For fairness quantification, we will define that this variable should belong to a protected class and bias_variable = 1 is the privileged group.

This variable is NOT used to train the model as the expectation is that it should not be used to make decisions for fairness purposes.

Finally, the original dataset is splitted into two parts - 70% of the observations for training, and 30% for holdout testing, on which the quality of the fitted model from only the training data will be evaluated.

Model Training

The first step to build a default risk prediction system is to train an ML model. In this reference kit, we choose to use an XGBoost classifier on the task of using the features for a client and loan, and outputting the probability that the loan will end in a default. This can then be used downstream when analyzing whether a particular client will default across many different loan structures in order to reduce and analyze risk to the organization.

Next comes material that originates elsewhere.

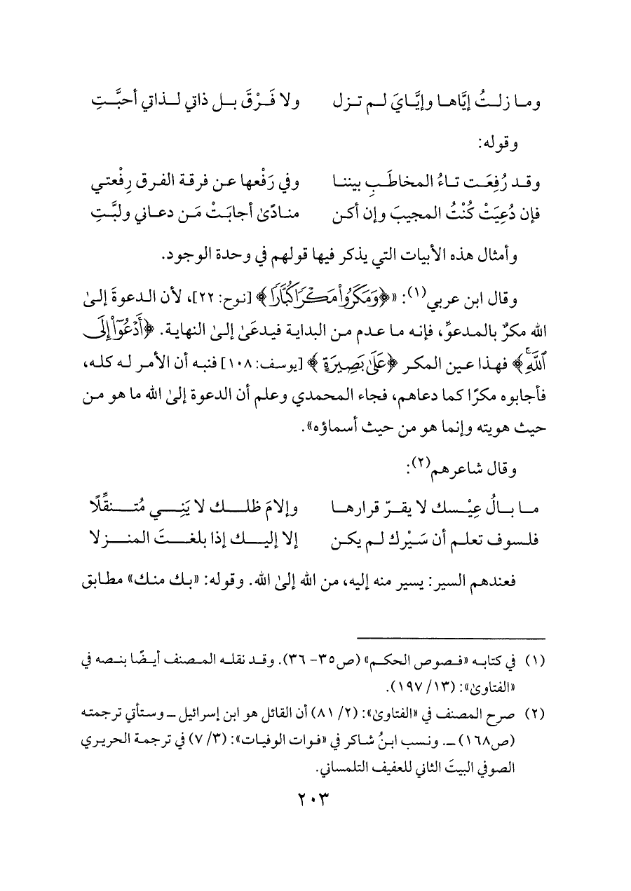 (¬٢) صرح المصنف في «الفتاوى»: (٢/ ٨١) أن القائل هو ابن إسرائيل ــ وستأتي ترجمته (ص ١٦٨) ــ. ونسب ابنُ شاكر في «فوات الوفيات»: (٣/ ٧) في ترجمة الحريري الصوفي البيتَ الثاني للعفيف التلمساني.

XGBoost classifiers have been proven to provide excellent performance when dealing with similar predictive tasks such as fraud detection and predictive health analytics.

Data Pre-Processing

Before passing the data into the model, we transform a few of the features in the dataset using a scikit-learn pipeline to obtain better performance. The XGBoost library is compatible with the scikit-learn framework, and model objects from this library can be seamlessly embedded into the feature pre-processing pipeline as a final step.

The pre-processing that we will perform in detail is:

Categorical Features to One-Hot Encodings

Features person_home_ownership, loan_intent, loan_grade, cb_person_default_on_file are all transformed to use a One-Hot Encoding to be fed into the XGBoost classifier. To avoid overfitting, only the most common categories will be used here. Note that, as of XGBoost version 2, categorical features can also be used as such without one-hot encoding, but when the cardinality of features is low, one-hot might still be a better option.

Imputation of Missing Values

Features loan_int_rate, person_emp_length, cb_person_cred_hist_length are all imputed using the median value to fill in any missing values that may be present in collection of the dataset.

Fairness Evaluation

In many situations, accuracy is not the only consideration for deploying a model to production. For certain sensitive applications, it is also necessary to verify and quantify to what degree a model may be using information to make biased predictions, which may amplify certain inequities. This study can broadly be defined as understanding the bias and fairness of a machine learning model, which is an actively developing field of research in ML.

To accommodate this challenge, in this reference kit, we will demonstrate the computation of a few metrics to quantify the fairness of predictions, focusing on parity between the privileged and the non-privileged groups in our previously introduced bias_variable. Briefly, under parity constraints, the computed metrics should be independent of the protected variable, largely performing the same whether measured on the privileged or non-privileged subgroups. A more through discussion of parity measures for fairness can be found in the link above as well as here.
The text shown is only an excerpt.